Calculating Percentiles with MySQL, Round 2

My previous post on calculating percentiles with MySQL generated some comments and good discussion. In particular, I got some very interesting comments from Vladimir.

Basically, Vladimir was doubtful whether the GROUP_CONCAT() solution would be optimal in comparison to a JOIN. His proposal is to solve it like this:


SELECT SUM(g1.r) sr
, g2.length l
, SUM(g1.r)/(SELECT COUNT(*) FROM film) p
FROM (SELECT COUNT(*) r, length FROM film GROUP BY length) g1
JOIN (SELECT COUNT(*) r, length FROM film GROUP BY length) g2
ON g1.length < g2.length
GROUP BY g2.length
HAVING p > 0.9
ORDER BY p
LIMIT 1


First, this query sets up two identical subqueries in the FROM list using GROUP BY and COUNT() to calculate the number of occurrences of each distinct value. Then, these are joined and GROUP BY is again applied to calculate the total number of rows having a lower value. Finally, HAVING is used to find the groups in the upper percentiles, and LIMIT and ORDER BY are used to single out the one desired percentile value.

As it turns out, this solution is slower for moderately small data sets, but much faster for large data sets. He benchmarked it for a total of 999 distinct values on varying number of rows. Here are his slightly rounded numbers:


#rows: group_concat: groupby-join:
4M 1 min 6 sec 5.3 sec
1M 5 sec 2.5 sec
100K 0.5 sec 1.6 sec


Although GROUP_CONCAT() seems to break down pretty soon, he also writes:

I must admit that when N of distinct rows reaches approx. 10K I get pretty the opposite results if the total number of rows is relatively small. Basically we get into the same situation as with joining the whole tables.

He concluded by saying:

But what I think is the right solution is having something like this on the server side:


SELECT COUNT(INC length)/(SELECT COUNT(*) FROM film) p, length
FROM film
GROUP BY length
HAVING p >= 0.9 ORDER BY p LIMIT 1


Where "INC" is a flag that tells the server to not reset per-group counters in the aggregate functions. This would be quite a trivial change in the Item_sum class and would make sense not only for SUM, but maybe also for MIN, MAX, AVG, COUNT and maybe some other aggregate functions.

So, COUNT(INC length) would be the cumulative count, or a running total of counts. The fun thing is, you can already do exactly that using user-defined variables. Look:


-- allow statement batching
DELIMITER go

-- initialize
SELECT 0, COUNT(*)
INTO @cum_cnt, @cnt
FROM sakila.payment;

-- calculate percentiles
SELECT @cum_cnt:=@cum_cnt + COUNT(*) / @cnt as p, -- running fraction of #rows per distinct amount
amount
FROM sakila.payment
GROUP BY amount
HAVING p >= 0.9
LIMIT 1;

go


and this gets us the result:


Query OK, 1 row affected (0.01 sec)

+-------------+--------+
| p | amount |
+-------------+--------+
| 0.904542334 | 6.99 |
+-------------+--------+
1 row in set (0.03 sec)


Here is the equivalent GROUP_CONCAT solution:


SELECT SUBSTRING_INDEX(
SUBSTRING_INDEX(
GROUP_CONCAT(
p.amount
ORDER BY p.amount
SEPARATOR ','
)
, ','
, 90/100 * COUNT(*) + 1
)
, ','
, -1
) AS `90th Percentile`
FROM sakila.payment AS p;


...and it is considerably slower:


+-----------------+
| 90th Percentile |
+-----------------+
| 6.99 |
+-----------------+
1 row in set (0.08 sec)


(sakila.payment has 16049 rows and 19 distinct values for amount)

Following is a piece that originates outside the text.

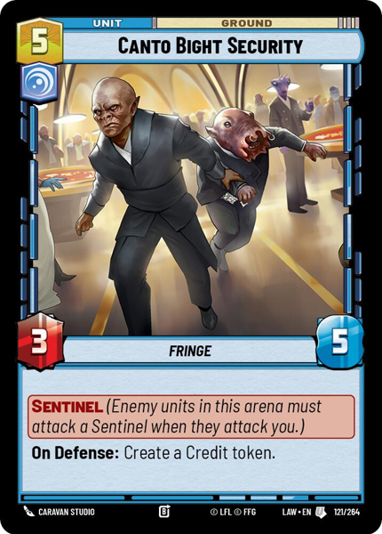 Sentinel (Enemy units in this arena must attack a Sentinel when they attack you.) On Defense: Create a Credit token.

So, the sane thing to do would be to forget about that GROUP_CONCAT idea, and use this method. It does not have the nasty drawbacks of having to mess with group_concat_max_len and I am pretty sure Vladimir's method will be faster across the board anyway.

The one thing you could object about is the extra query to initialize the user-defined variables. You can get around that by initializing those in a single row subquery in the FROM clause, a technique described by Baron Schwartz (see for example this post)

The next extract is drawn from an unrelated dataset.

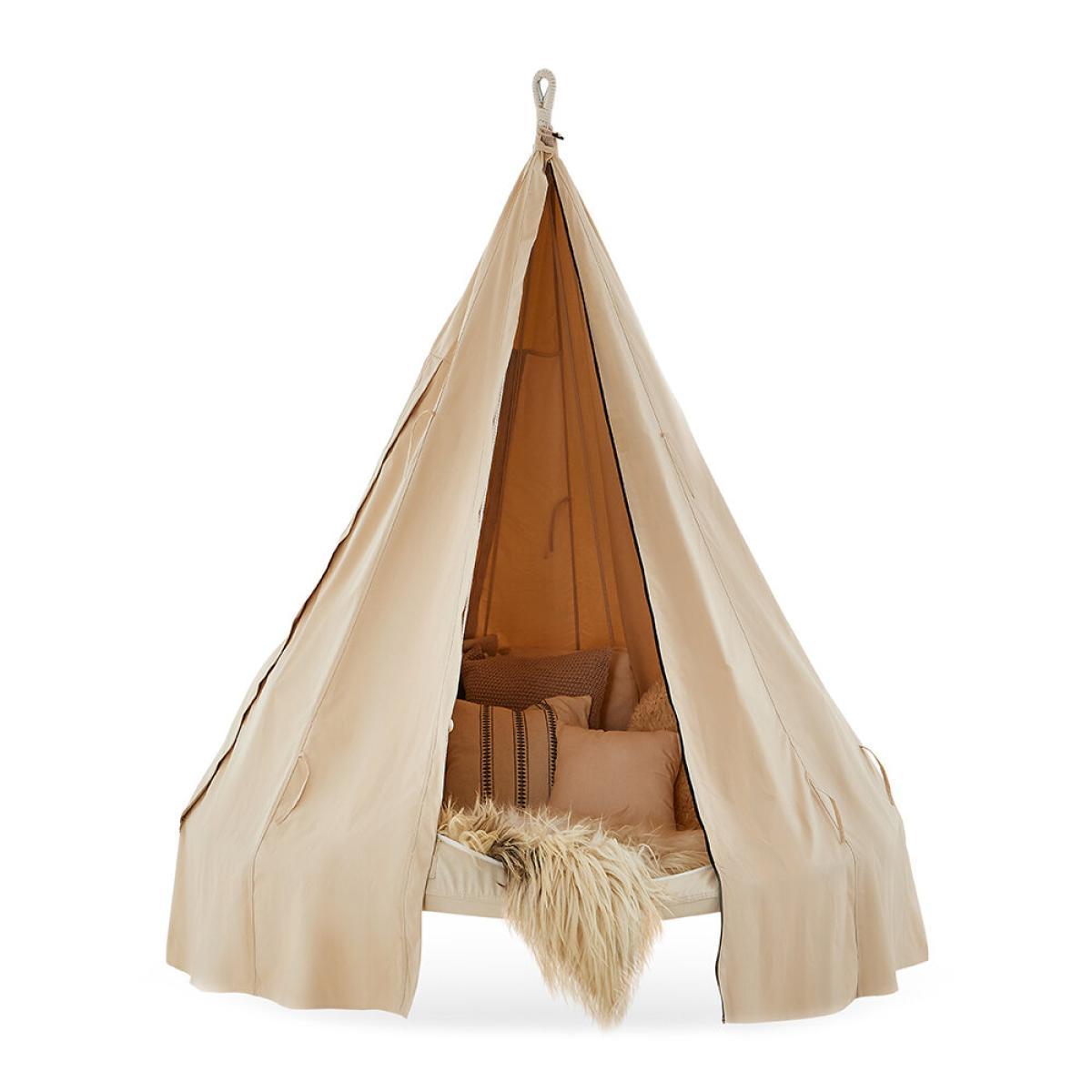 Protect your Tiipii in style with this classic poncho cover. Crafted from a waterproof canvas, this cover is UV, mildew, and mould resistant. Soft beige in colour, it features three openable, fine netted windows and one main zippered door.

SELECT @cum_cnt:=@cum_cnt + COUNT(*) / @cnt as p,
amount
FROM sakila.payment
CROSS JOIN (SELECT @cum_cnt:=0
, @cnt:=COUNT(*)
FROM sakila.payment) p
GROUP BY amount
HAVING p >= 0.9
LIMIT 1;


This has the advantage that the variables are initialized in one go with the entire query, ensuring you are not accidentally working with uninitialized or garbage variables.

(BTW: If you want to do more with these user-defined variables, I can highly recommend more from Baron's site, see for example his article on advanced user defined variable techniques.)